While the individuals are being sued for breach of fiduciary duty – a basic tenet of corporate governance – the companies therein named are being sued as being beneficiaries of what may come to be Kenya’s single largest corporate fraud since the 19th century explorer Henry Morton Stanley stepped off a boat onto Kenyan shores.
Over the period of ten years from 2006 to 2016, the bank was found to have operated two banking systems, with the illegitimate system passing through over billions of shillings in fraudulent disbursements over that period. The non-executive directors, including the chairman, were tightly joined at the hip and had cross shareholding in various other companies some of which were property related. In view of the fact that this was starting to look like a brotherhood of veritable kleptomaniacs, the three INEDs who joined in quick succession- two who joined on 1st of July 2014 and one on 1st February 2015- may not have been on the board long enough to cotton on what was, and had been, going on for the previous nine years. But today they are jointly and severally liable for years of mismanagement. These chaps were probably pleased as punch to have made it to the board at all and may have been snookered by the fast talking CEO, whose verbosity is alleged to have steamrolled various discussions on the board audit committee which he regularly attended. Now the three INEDs have to get lumped with the other directors all of whom have been painted with a mouthful of accusations over and above breach of fiduciary duty including negligence, gross negligence, fraud and theft.

One could very well argue then, that banks owe a duty of care to their directors to provide rigorous training in both corporate governance and risk management. There are now 42.4 billion reasons why bank directors need to know what they are signing up for. Actually, I could kick it up a notch and say that the CBK should require a made-for-purpose bank director training that one must undertake before they sign off on those ‘Fit and Proper Forms’ that are required for any bank director and senior officer before appointment to the board.
Yet the CBK is not entirely blameless in this mess, as all this happened on their watch.

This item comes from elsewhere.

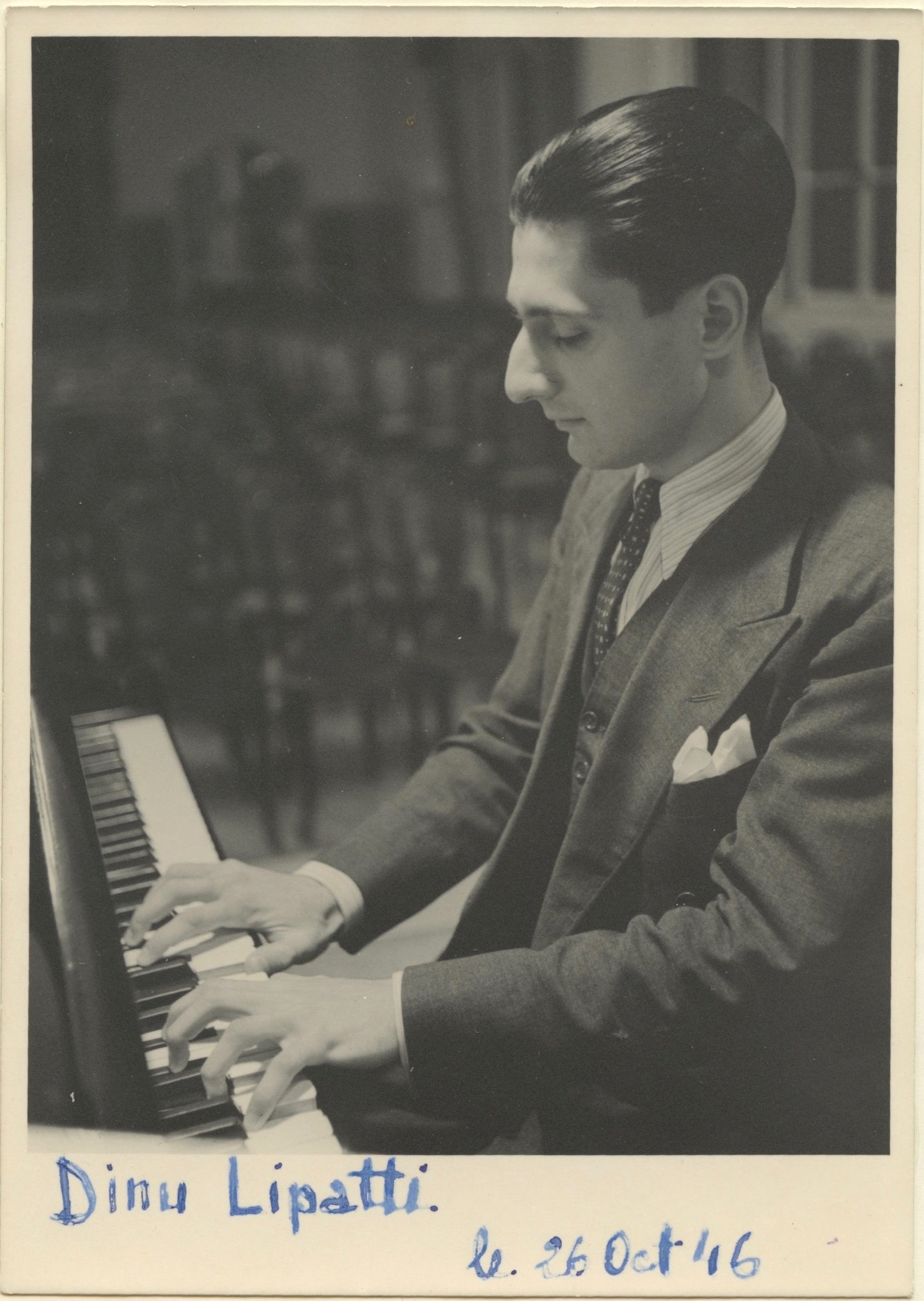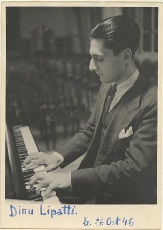 Handsome vintage original photograph of the celebrated Romanian pianist and composer whose life was cut short by Hodgkin's disease at age 33, shown seated at the piano. Considered one of the finest pianists of the 20th century, he left an impressive recorded legacy despite the brevity of his performing career. Penned in blue ink along the lower margin, "Dinu Lipatti / le 26 Oct '46", presumably by the photographer E. Matter of Gstaad, whose has stamped the verso. This intimate portrait of the artist before an empty auditorium was apparently taken before a concert in Switzerland. Mounting remnants to verso, in fine condition. 4.15 x 5.75 inches (10.6 x 14.6 cm.).

The regulator cannot claim that it relied on audited accounts to arrive at their conclusions for renewal of licenses. There were glaring irregularities in the governance such as the Board Executive Committee undertaking the role of the Board Credit Committee (BCC) without the proper structures in place including having an INED chair the BCC as per Prudential Guidelines. There were allegedly no notices for or minutes of meetings for a BCC from as far back as 2006. Someone was asleep at the wheel over at the banking supervision unit. The lack of INEDs until February 2014 should also have raised a slap on the wrist from the regulator. But it doesn’t appear to have. The only redemption here is that the regulator eventually stepped in, and quite likely because there was a new sheriff in that town.

Whether that amount of money is feasibly recoverable is something for the courts to determine. And directors should not try and draw comfort that they can ask the companies whose board they sit on to put in indemnification provisions in the articles of association or in their appointment letters. Section 194 of the Companies Act 2015 specifically voids any provisions that a company may make to exempt directors from any liability that attaches from negligence, default, breach of duty or breach of trust. However, companies are permitted to purchase Director and Officer (D&O) Liability Insurance to provide that specific indemnity from negligence etc. But there’s a catch. The same Companies Act does not allow D&O cover to provide indemnity (i) against fines from criminal proceedings, (ii) fines from regulators for non-compliance, (iii) defense of criminal proceedings and, finally, (iv) defense of civil proceedings brought by the company itself in which judgment is given against the director.

Therefore even if the Imperial directors had D&O cover, such cover busts two out of the four prohibitions above, viz (ii) and (iv) since the company is the plaintiff in the civil suit.

What’s the moral of this sordid story? Being a director of any company is risky business. Being a director on a board full of business buddies is even murkier business, the kind that requires one to keep a set of adult diapers on hand as they undertake the flight of their lives.